Most of queries work without problems. However a tiny percent fail silently returning the following.

    {
       "took":0,
       "timed_out":false,
       "_shards":{
          "total":0,
          "successful":0,
          "skipped":0,
          "failed":0
       },
       "hits":{
          "total":{
             "value":0,
             "relation":"eq"
          },
          "max_score":0.0,
          "hits":[
             
          ]
       }
    }

When the same query is repeated the response is correct containing the aggregations field and the expected value.

  {
     "took" : 191,
     "timed_out" : false,
     "_shards" : {
       "total" : 756,
       "successful" : 756,
       "skipped" : 632,
       "failed" : 0
     },
     "hits" : {
       "total" : {
         "value" : 0,
         "relation" : "eq"
       },
       "max_score" : null,
       "hits" : [ ]
     },
     "aggregations" : {
       "total_settled_amount" : {
         "value" : 0.0
       },
       "unique_customer_count" : {
         "value" : 0
       }
     }
   }

I added some retries and it seems to be related with a load problem, since retrying the query without a significant delay (1s) will end in the exact same wrong result.

This is a query example

    GET cases-*/_search
    {
      "from": 0,
      "size": 1000,
      "query": {
        "bool": {
          "filter": [
            {
              "range": {
                "transactionAnnouncedEvent.transaction.processedAt": {
                  "from": "2024-08-29T00:00:00.000Z",
                  "to": "2024-08-29T13:46:49.000Z",
                  "include_lower": true,
                  "include_upper": true,
                  "boost": 1
                }
              }
            },
            {
              "bool": {
                "should": [
                  {
                    "term": {
                      "field1": {
                        "value": "abc",
                        "boost": 1
                      }
                    }
                  }
                ],
                "adjust_pure_negative": true,
                "boost": 1
              }
            }
          ],
          "adjust_pure_negative": true,
          "boost": 1
        }
      },
      "_source": {
        "includes": [
          "caseId"
        ],
        "excludes": []
      },
      "aggs": {
        "total_settled_amount": {
          "sum": {
            "field": "settledAmount"
          }
        }
      }
    }

What might be the reason of elasticsearch returning such "empty response" instead of a "429 status code?"

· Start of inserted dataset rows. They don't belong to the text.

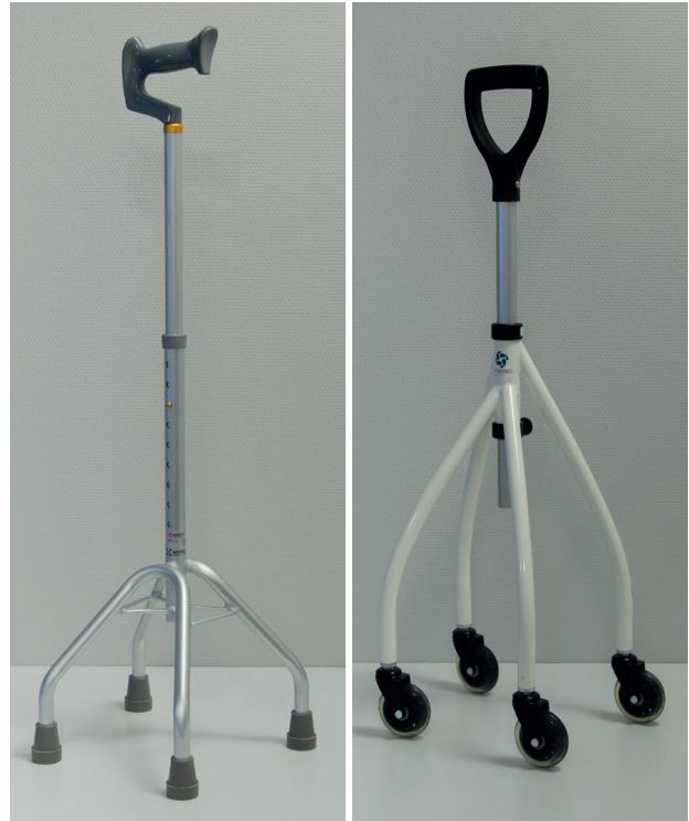
Fig. 2 Quadripod cane.

All of the participants benefited from a short (few minutes) training session performed by the physical therapist involved in the study to familiarize themselves with the rolling cane. The rolling cane Wheelleo® is a new device. It weighs 2.7 kg and the height can be adapted from 74 to 98 cm. Before starting the experiment, the global neurological impairments were assessed using the Stroke Impairment Assessment Set (SIAS) (9). The resting heart rate (RHR), in beats per min (bpm), and the presence of beta-blocker medication were also monitored. During each session (with the quadripod cane (Fig. 2) or rolling cane (Fig. 3)),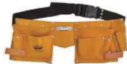
STYLE NO: PEW BRAND: SCI SPLIT LEATHER TOOL BAG (ECO) ORIGIN: INDIA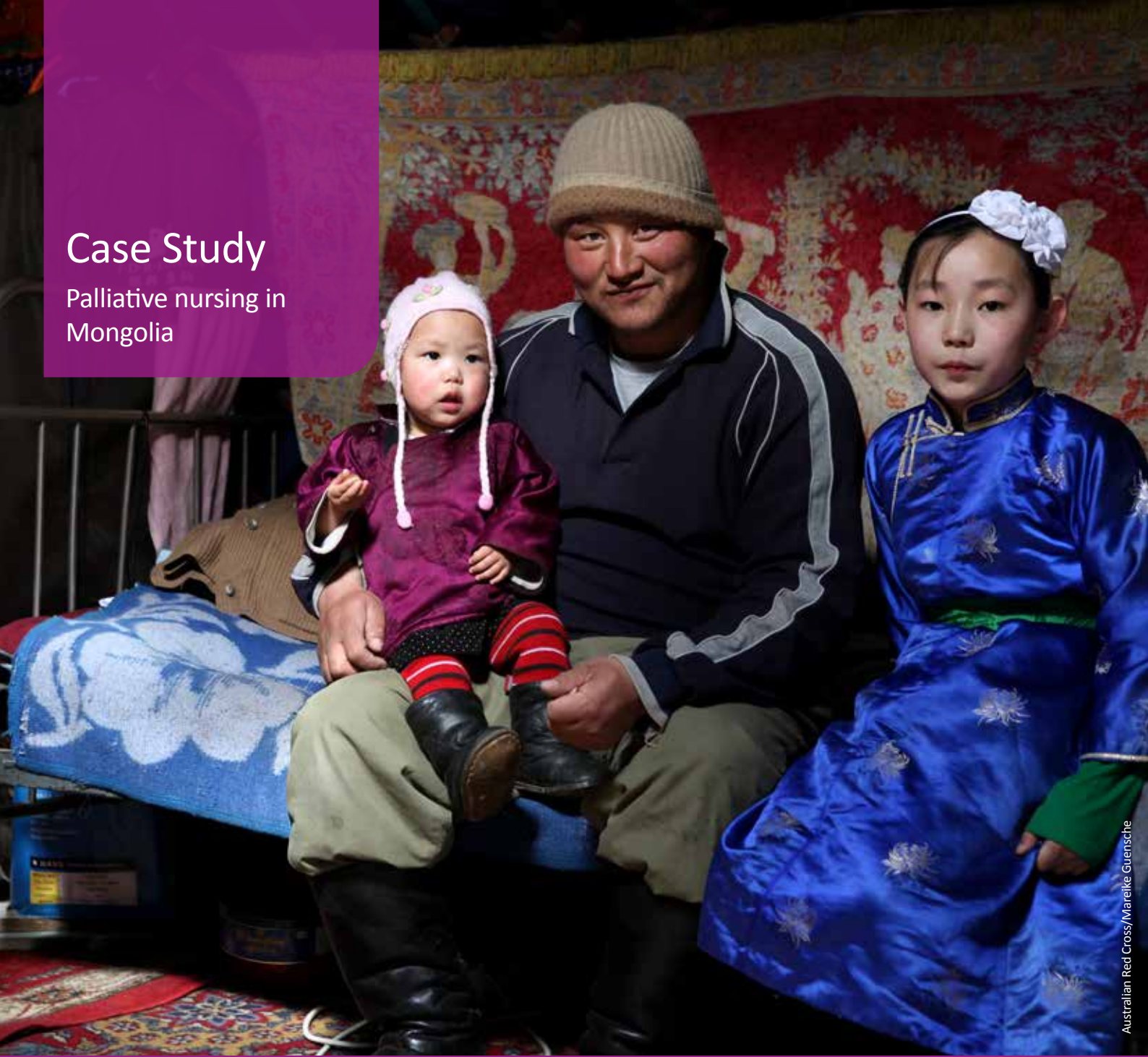
A herder family in Mongolia.

A volunteer nurse was assigned to the palliative care ward of a Mongolian hospital to support the professional development of local nurses and develop guidelines and training materials.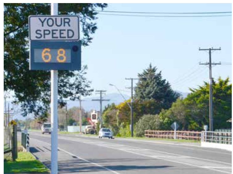
One of the current driver feedback signs located in Wakefield.

As they are solar powered the three signs will be used in different locations around the District with the first sites being Tapawera, Mapua and Richmond.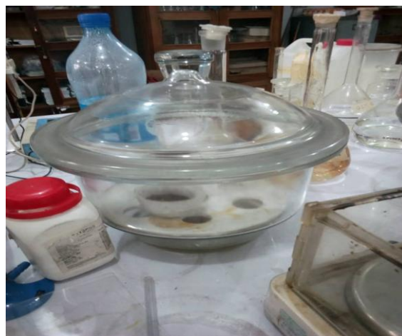
Fig-2: Experimental Set up

After preparing the various stock solutions, fifty (50) sets of clean beakers were tagged with the name of the various acids, with CW, denoting cold worked specimen. Each of five (5) corrosion environment having ten (10) beakers each, five of which is for cold worked specimen, with various concentration ranging from 0.5M to 2.5M. Prior to immersion, the approximate pH value of each solution was taken, using a pH meter, and the value recorded. The specimens were properly washed with distilled water, dried with clean piece of cloth, and then the initial weight was taken, using the Meter PM II Sensitive Digital weigh balance, and then recorded. Total immersion in 200ml test solution of the specimens into the various environment, was aided with the use of a nylon rope tied to a clean to a clean flattened steel rod of about 3mm diameter, placed on top of each beaker, for support as shown in figure 2 below.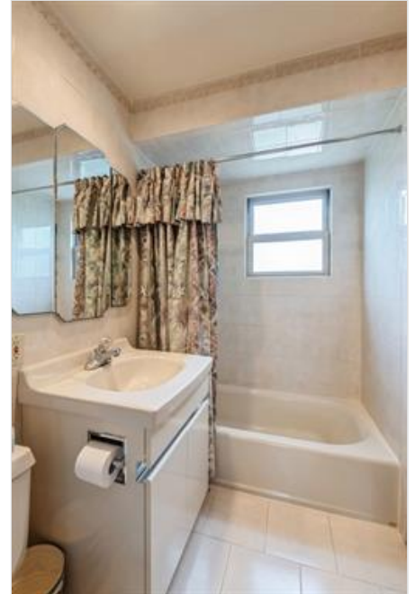
Full bath with shower / tub combo with curtain, tile patterned flooring, vanity, and toilet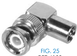
FIG. 25 RFE-6103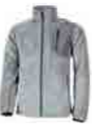
PILE // Art. Nr. 26.234.0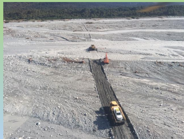
Fording the Waiho River after bridge washed away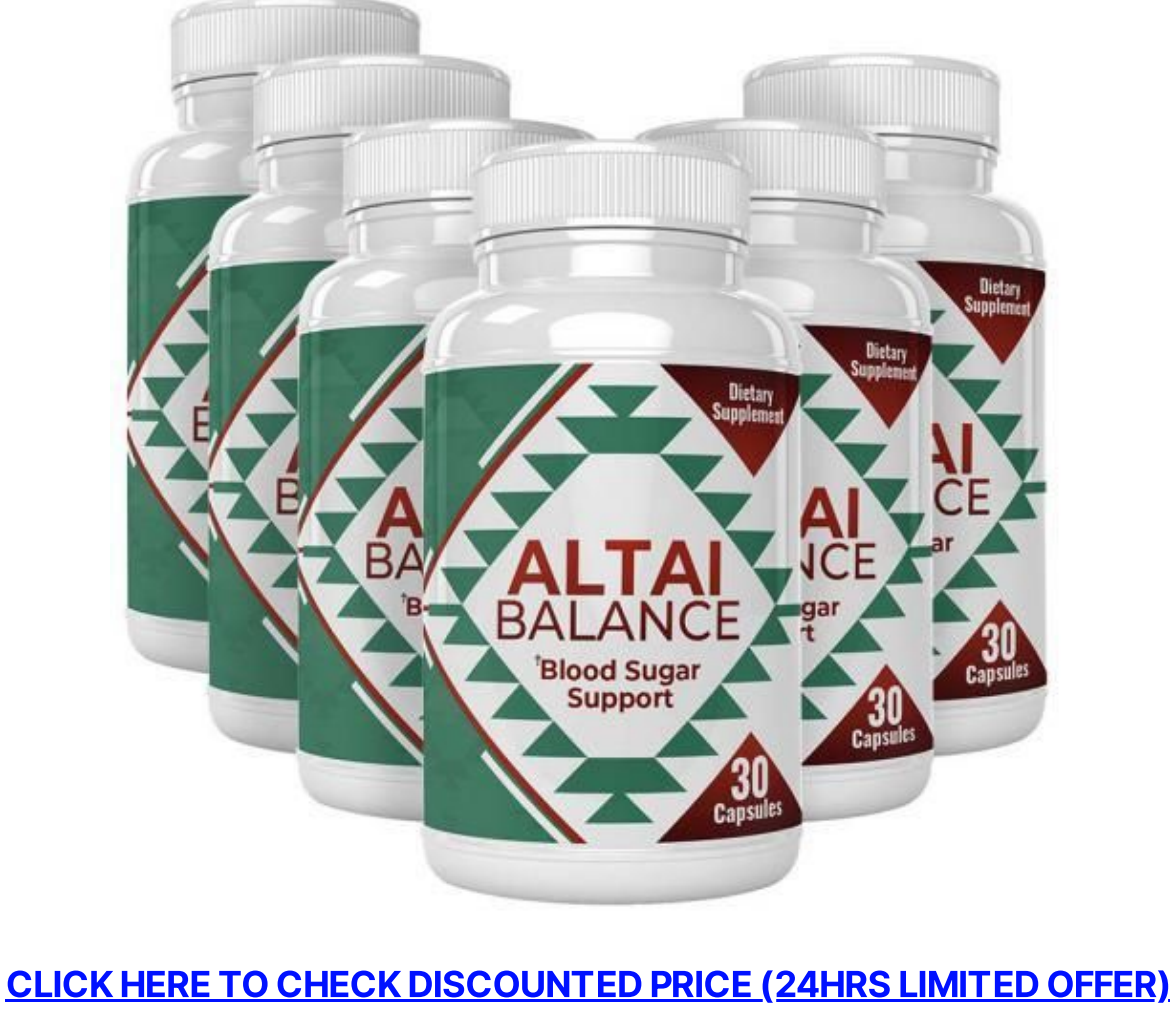
Why Altai Balance?

Altai Balance enhancement that tends to balance the sugar levels, Altai Balance handles the body's insulin opposition cycle by utilizing a special anti-aging blend consisting of 19 herbal extract ingredients. It balances blood sugar levels in both men and women. All the ingredients present in this supplement are extracted from herbs so that there are no ill effects.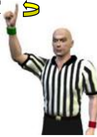
4. Start Injury Clock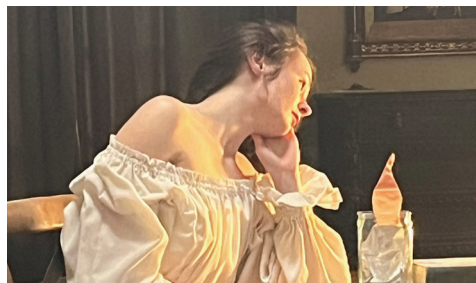
Another fabulous presentation of Tableaux Vivants in the Studio this past August!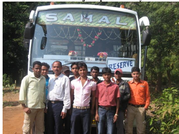
Study tour Dept. of History & Economics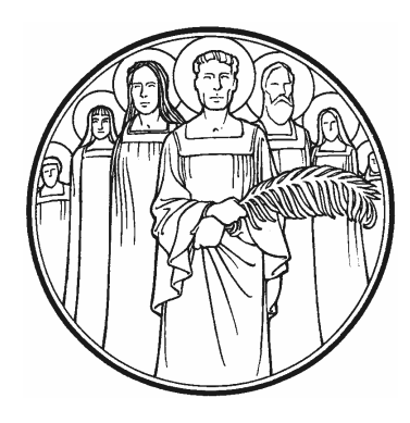
"Oh, blest communion, fellowship divine! We feebly struggle, they in glory shine; Yet all are one in Thee, for all are Thine. Alleluia! Alleluia!" (LSB 677:4)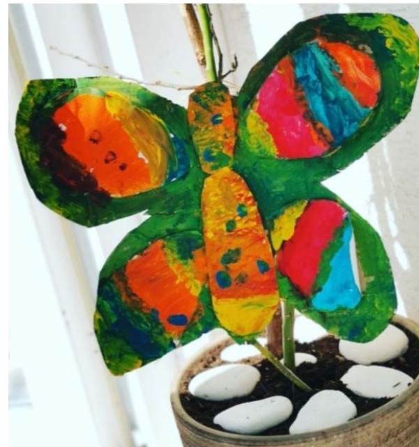
GAL PIPAN, 2. B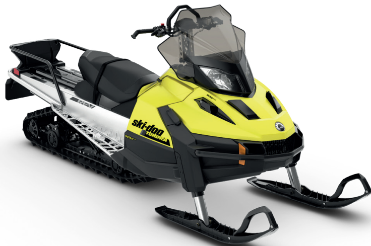
TUNDRA™ LT 600 ACE™ shown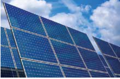
Discover EPower Controller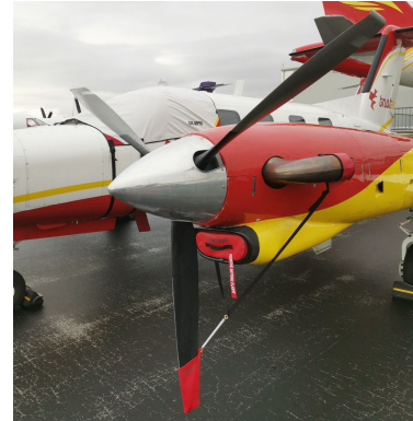
Piper PA-42 Cheyenne III Engine Plugs, Prop Ties, Cockpit Cover Piper PA-42 Cheyenne III Prop Tie/Exhaust Cover, Inlet Plugs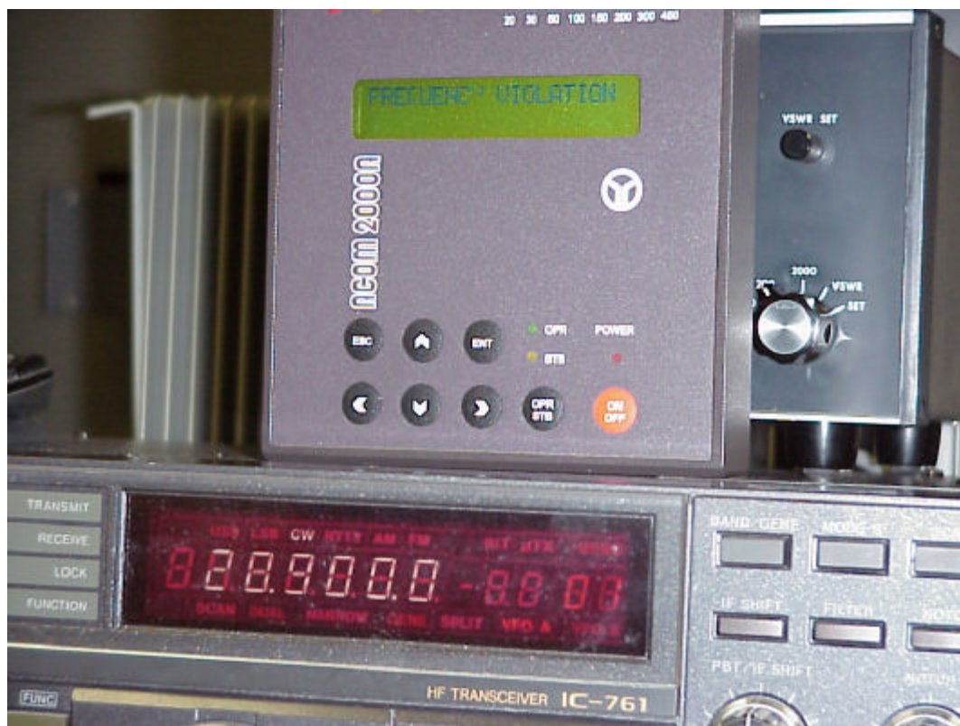
XCVR Frequency 28.90 – ACOM 2000A Frequency Violation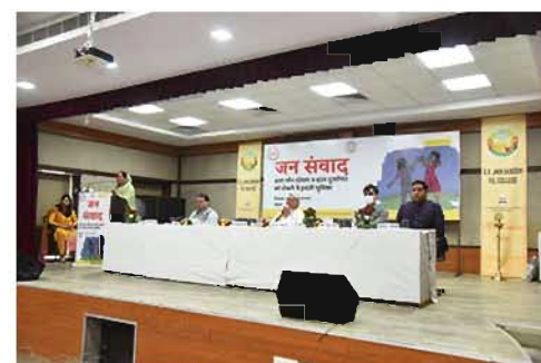
Jan Samvaad programme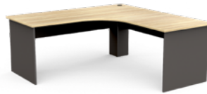
EkoSystem 90° Workstation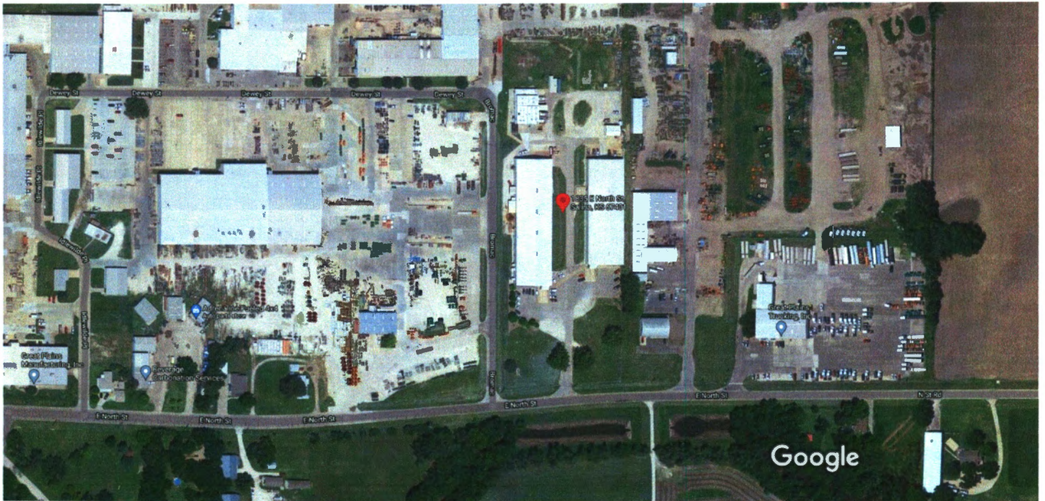
Imagery ©2021 Maxar Technologies, Map data ©2021 100 ft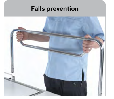
Adjustable safety sides, fitted as standard, are removable when not required.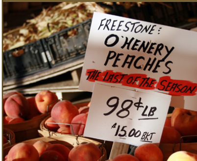
Fresh Peaches at Fruitway Market - Utah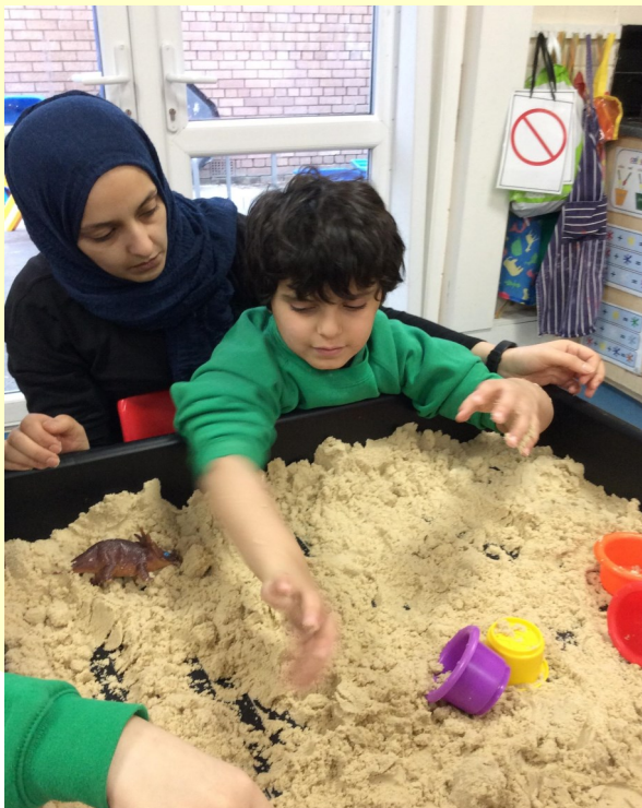
Class 9 have been doing lots of sensory activities this term!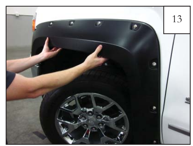
Hold Front Flare up to wheel well to confirm fit. Do not install fasteners at this time.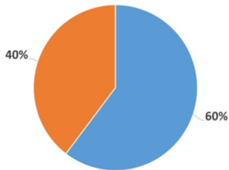
Meetings voted for/ against Management

In Q1 2022, Carmignac voted against the management of our investee companies at least once at 60% of meetings voted: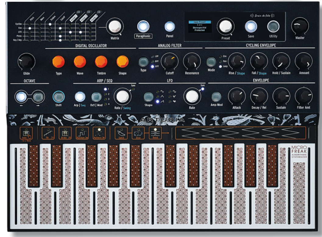
INS & OUTS 1/4" mono output, CV/ Gate Out, Clock In/Out, MIDI In/Out. Powered by 12V DC Power or USB

Thanks for reaching out, @manropinxu. Do you have an example of the Python script you are running?

What is your elastic version?

1 Like

This would be a simplified version of my script

from elasticsearch import AsyncElasticsearch

es = AsyncElasticsearch(
    url,
    max_retries=10,
    retry_on_timeout=True,
    retry_on_status=[429, 502, 503, 504],
    verify_certs=True,
    timeout=10,
)
query = {
            "track_total_hits": True,
    "size": size,
    "query": <query here>,
    "_source": "aggregations",
    "aggs":{
    "total_settled_amount": {
        "sum": {
            "field": "settledAmount"
        }
    }
}

response = await self.es.search(
    index=",".join(indices),
    body=query,
    headers={"Content-Type": "application/json", "X-Opaque-Id": opaque_id},
    ignore_unavailable=True,
    size=size,
)

# Check if the response is valid (empty shards=0 response issue)
if response.get("_shards", {}).get("total") == 0 and response.get("_shards", {}).get("total") == 0:
    raise ESNoShardsProcessedInResponseException(
        "Query failed as no shards processed in response",
        warning=True,
    )
print(response)
1 Like

This is the version

  "version" : {
    "number" : "7.10.2",
    "build_flavor" : "oss",
    "build_type" : "tar",
    "build_hash" : "unknown",
    "build_date" : "2023-12-20T06:48:26.509799Z",
    "build_snapshot" : false,
    "lucene_version" : "8.7.0",
    "minimum_wire_compatibility_version" : "6.8.0",
    "minimum_index_compatibility_version" : "6.0.0-beta1"
  }
1 Like

Thanks for following up, @manropinxu. An empty response could suggest a situation where the query didn't effectively hit any shards. Have you considered adding retry logic to your Python script?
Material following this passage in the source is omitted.